**Supplied entries:**
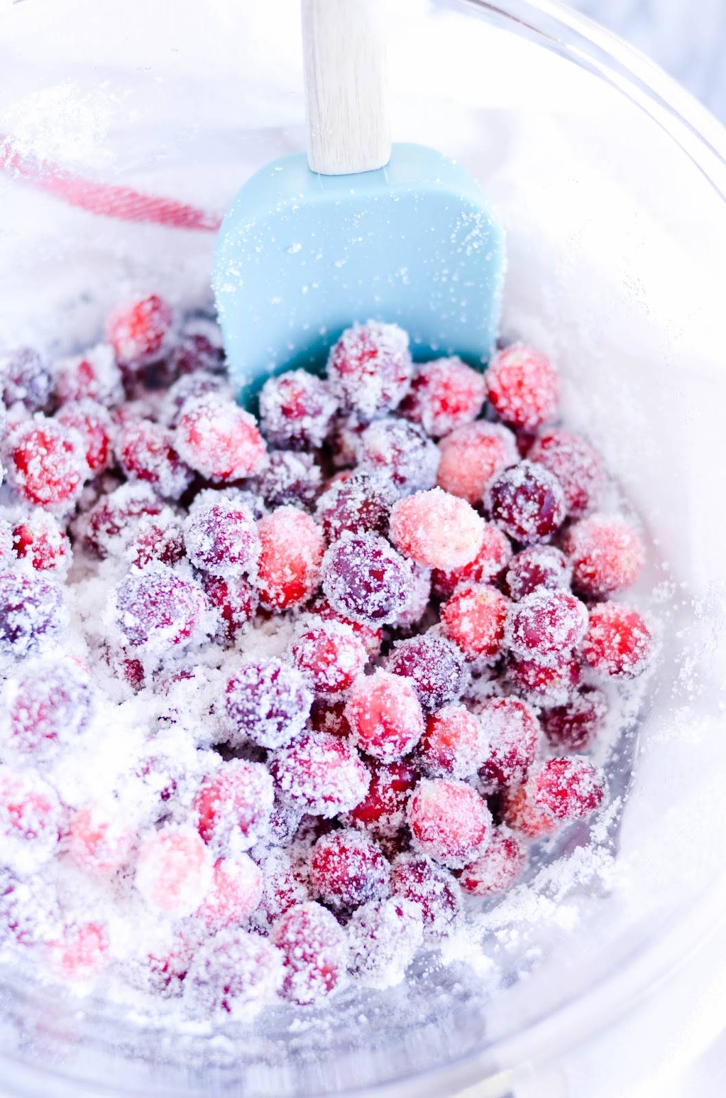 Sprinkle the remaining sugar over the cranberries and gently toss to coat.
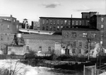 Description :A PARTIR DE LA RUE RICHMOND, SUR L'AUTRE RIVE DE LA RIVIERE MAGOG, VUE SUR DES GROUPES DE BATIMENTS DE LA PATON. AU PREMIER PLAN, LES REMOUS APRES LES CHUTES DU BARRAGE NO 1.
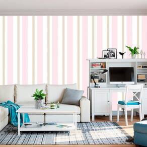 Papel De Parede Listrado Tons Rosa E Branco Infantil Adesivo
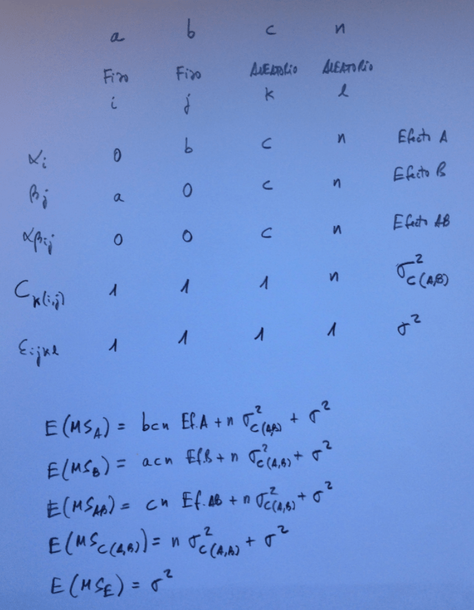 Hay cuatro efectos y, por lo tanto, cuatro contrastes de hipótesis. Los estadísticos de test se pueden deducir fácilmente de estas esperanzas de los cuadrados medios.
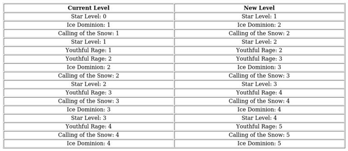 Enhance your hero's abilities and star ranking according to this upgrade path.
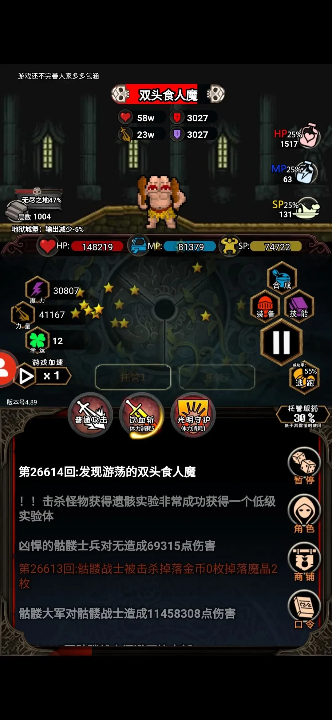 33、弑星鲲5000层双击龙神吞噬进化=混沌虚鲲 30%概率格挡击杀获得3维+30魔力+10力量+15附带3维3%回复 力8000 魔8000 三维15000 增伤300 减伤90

* * *

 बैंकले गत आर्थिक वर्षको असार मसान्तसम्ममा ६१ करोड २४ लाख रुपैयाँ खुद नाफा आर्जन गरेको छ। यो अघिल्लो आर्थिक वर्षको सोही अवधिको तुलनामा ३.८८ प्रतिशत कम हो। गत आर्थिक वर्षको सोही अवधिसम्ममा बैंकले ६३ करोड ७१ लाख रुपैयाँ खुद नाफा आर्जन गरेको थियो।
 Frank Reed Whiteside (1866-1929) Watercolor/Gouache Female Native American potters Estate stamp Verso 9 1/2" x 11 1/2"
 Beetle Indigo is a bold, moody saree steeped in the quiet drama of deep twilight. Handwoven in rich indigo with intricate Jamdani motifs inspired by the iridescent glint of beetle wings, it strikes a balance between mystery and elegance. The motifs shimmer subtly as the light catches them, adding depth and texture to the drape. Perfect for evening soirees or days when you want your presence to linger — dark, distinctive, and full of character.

--

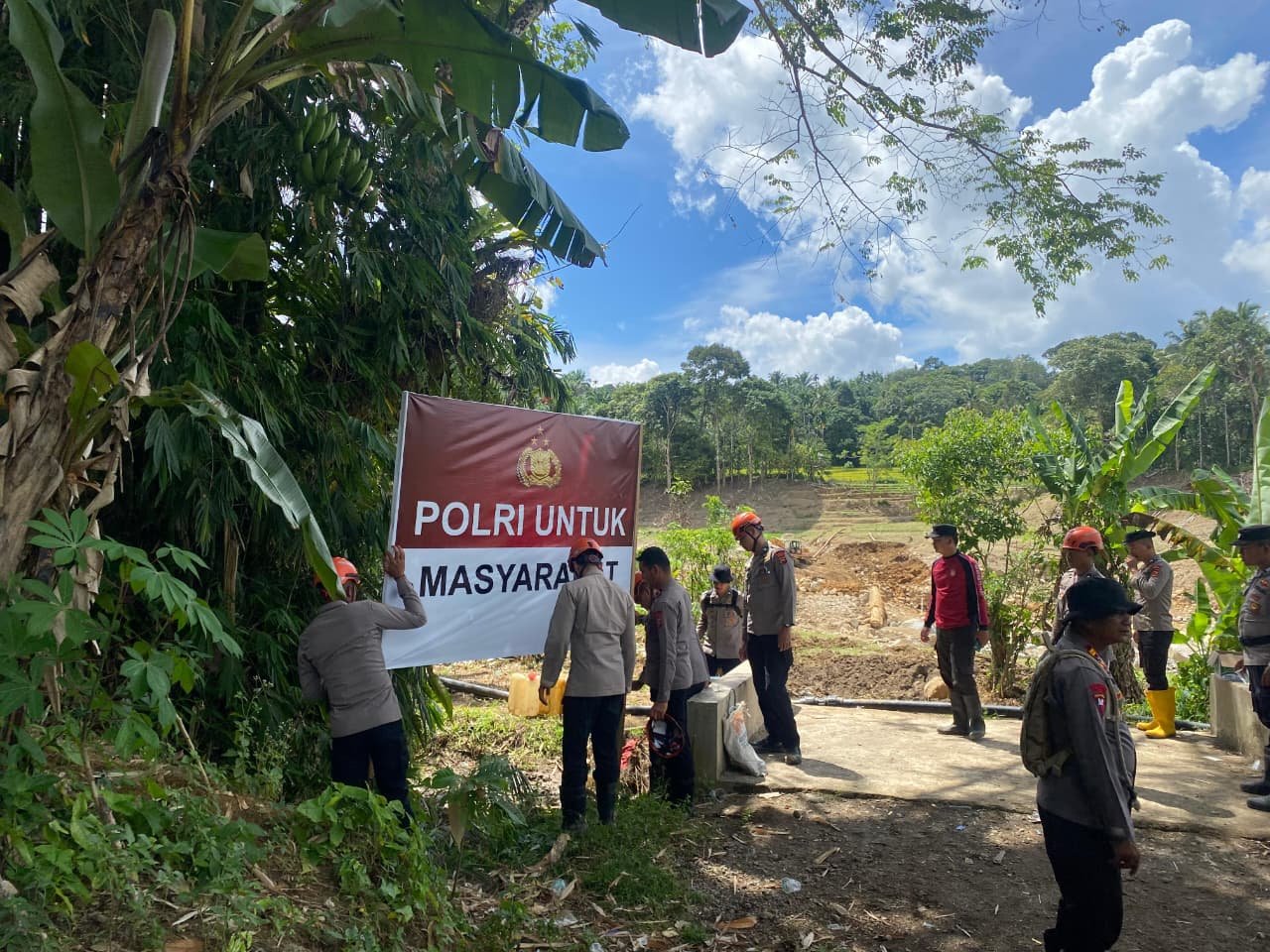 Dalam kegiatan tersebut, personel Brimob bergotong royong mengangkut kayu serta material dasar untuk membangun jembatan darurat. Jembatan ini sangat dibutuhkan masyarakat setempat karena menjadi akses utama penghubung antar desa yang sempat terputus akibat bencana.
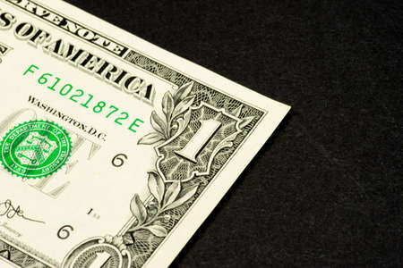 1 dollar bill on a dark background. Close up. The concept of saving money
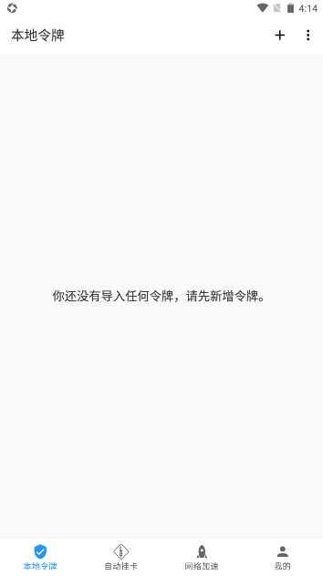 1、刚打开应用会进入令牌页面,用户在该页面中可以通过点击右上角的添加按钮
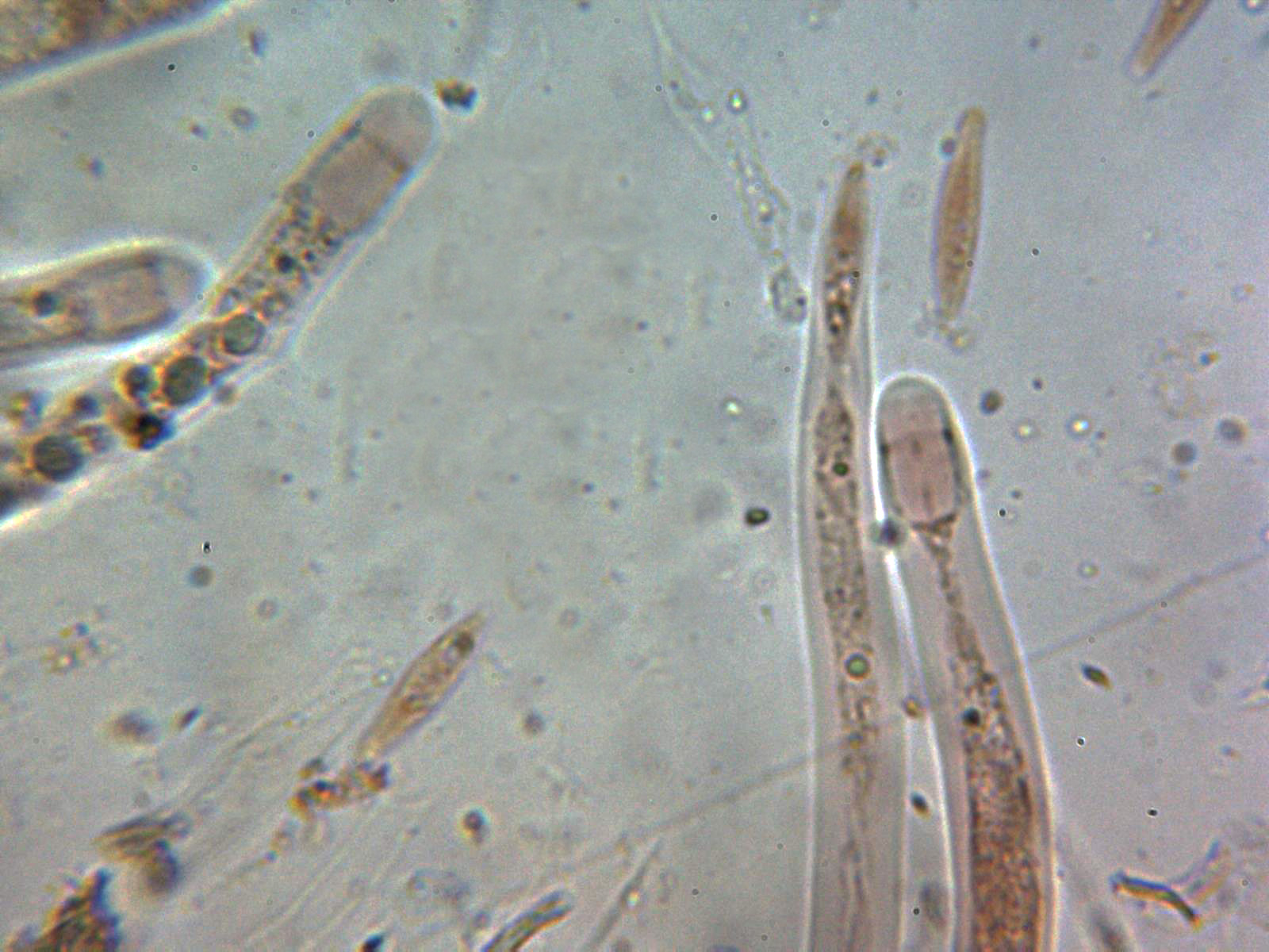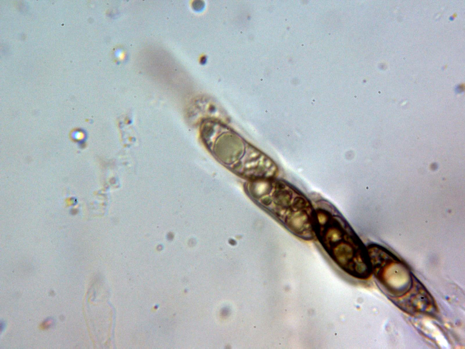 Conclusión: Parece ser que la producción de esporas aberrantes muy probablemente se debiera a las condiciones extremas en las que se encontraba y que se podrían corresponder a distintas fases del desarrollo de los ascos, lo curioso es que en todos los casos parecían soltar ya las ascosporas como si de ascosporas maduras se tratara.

**Exercise:** Find where the line with "Frank Reed Whiteside" sits in the material above, then copy exactly from it through the line with "Beetle Indigo is". Add no other line.

**Task response:**
 Frank Reed Whiteside (1866-1929) Watercolor/Gouache Female Native American potters Estate stamp Verso 9 1/2" x 11 1/2"
 Beetle Indigo is a bold, moody saree steeped in the quiet drama of deep twilight. Handwoven in rich indigo with intricate Jamdani motifs inspired by the iridescent glint of beetle wings, it strikes a balance between mystery and elegance. The motifs shimmer subtly as the light catches them, adding depth and texture to the drape. Perfect for evening soirees or days when you want your presence to linger — dark, distinctive, and full of character.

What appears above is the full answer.